An on-site inspection is not simply a task of checking whether the equipment is clean. It is an important step to confirm whether the plant is worth the price, how much future repair costs can be expected, whether the assumptions behind power sales revenue are realistic, and whether there are any risks related to the land or surrounding environment. Even power plants that appear to have the same installed capacity can differ greatly in actual value depending on local topography, drainage, shading, racking, wiring, and the condition of maintenance.

This article organizes eight items that practitioners searching for "solar power plant price" should check during on-site surveys. Rather than the price itself, it focuses on the points of verification for judging the reasonableness of a price.

Table of Contents

• The price of a solar power plant can appear very different depending on an on-site survey

• Check the land's shape and development status

• Check drainage and rainwater flow

• Check sources of shading and their seasonal variation

• Check the condition of panels and mounting structures

• Check for degradation of wiring, junction boxes, and electrical equipment

• Check the condition of mowing, weed removal, and weed-prevention measures

• Check fences, access paths, and maintenance routes

• Compare measured data with on-site conditions

• How to incorporate on-site survey results into price assessment

• Summary

The price of a solar power plant can look very different after an on-site survey.

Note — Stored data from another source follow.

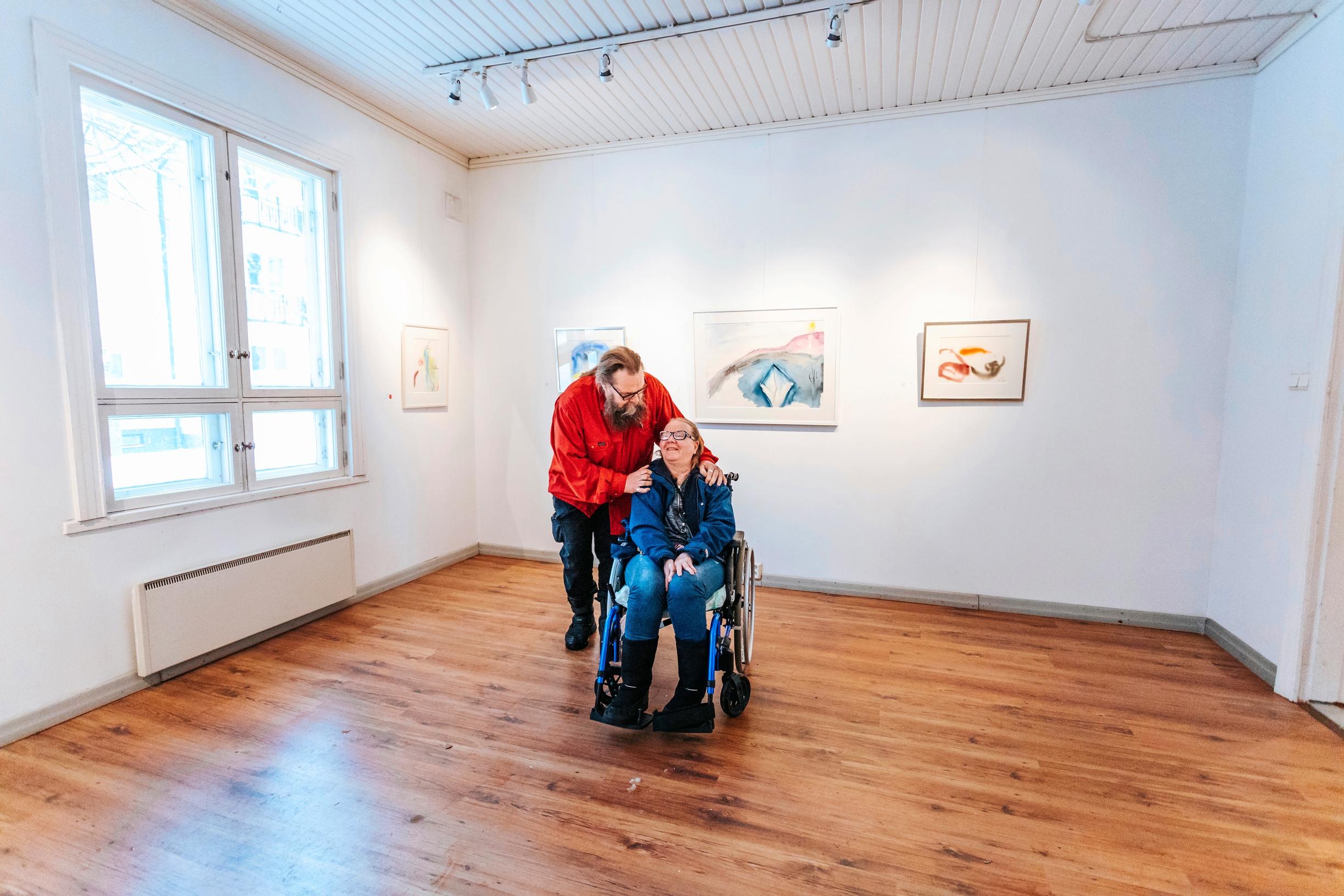 Juuso työntää Kaijaa pyörätuolissa näyttelyhuoneiden läpi. Valoisat, eteeriset kuvat ovat Kaijan viimeisiä töitä ennen kohtausta. Kaija on signeerannut ne, mutta hän ei muista niitä. Uusia töitä ei ole luvassa.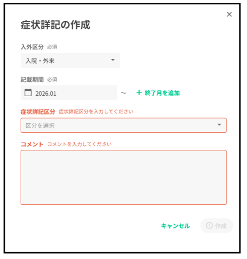 コメント | 症状や算定理由など、補足したい内容を入力します |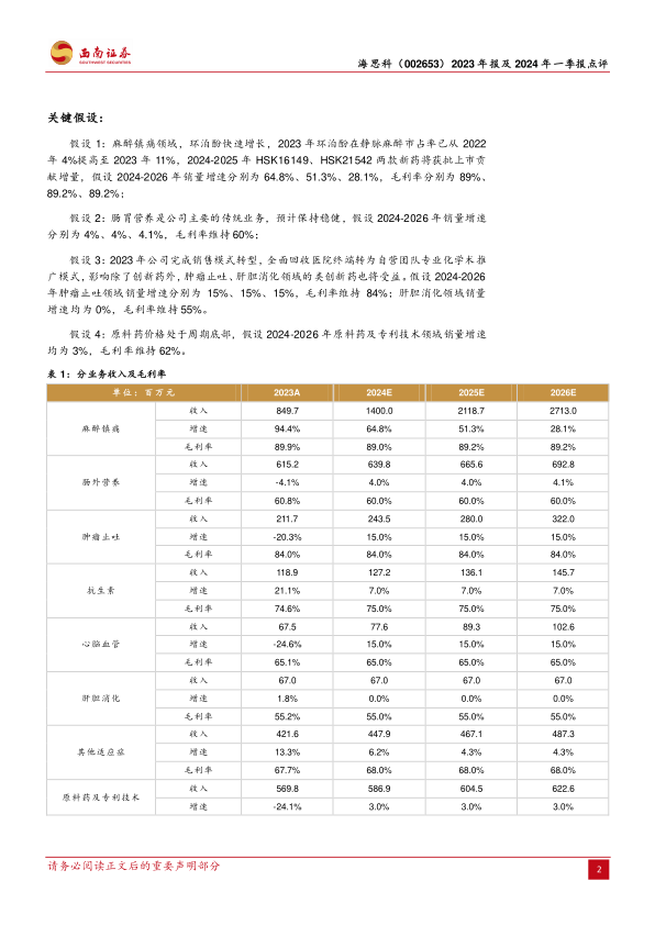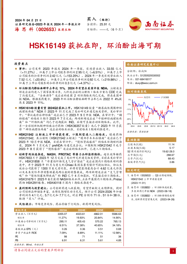 本报告对海思科(002653)2023年年报及2024年一季报进行了深度分析,核心观点如下:

The price of a solar power plant is determined by multiple factors, including generation capacity, the feed-in tariff (selling price of electricity), remaining service life, past generation performance, operation and maintenance costs, equipment condition, and land conditions. Even if the documents make the conditions appear favorable, it is not uncommon for the assessment to change once the site is inspected.

For example, even projects that appear to have stable power generation may, upon on-site inspection, have shadowing on some panel rows, drainage problems that have degraded the ground, or scour around the bases of the mounting racks. Such conditions may not immediately appear as major losses, but they can become factors in future repair costs and reductions in power generation.

Also, seller or broker documentation often focuses on installed capacity and annual power generation, and does not allow the on-site management condition to be fully discerned. Even if photos are attached, because the time they were taken and their coverage are limited, they are insufficient to assess the risks for the entire power plant. In particular, problems that are difficult to see from documentation alone can surface during periods when grass grows, in rainy seasons, or in winter when the sun’s incidence angle is low.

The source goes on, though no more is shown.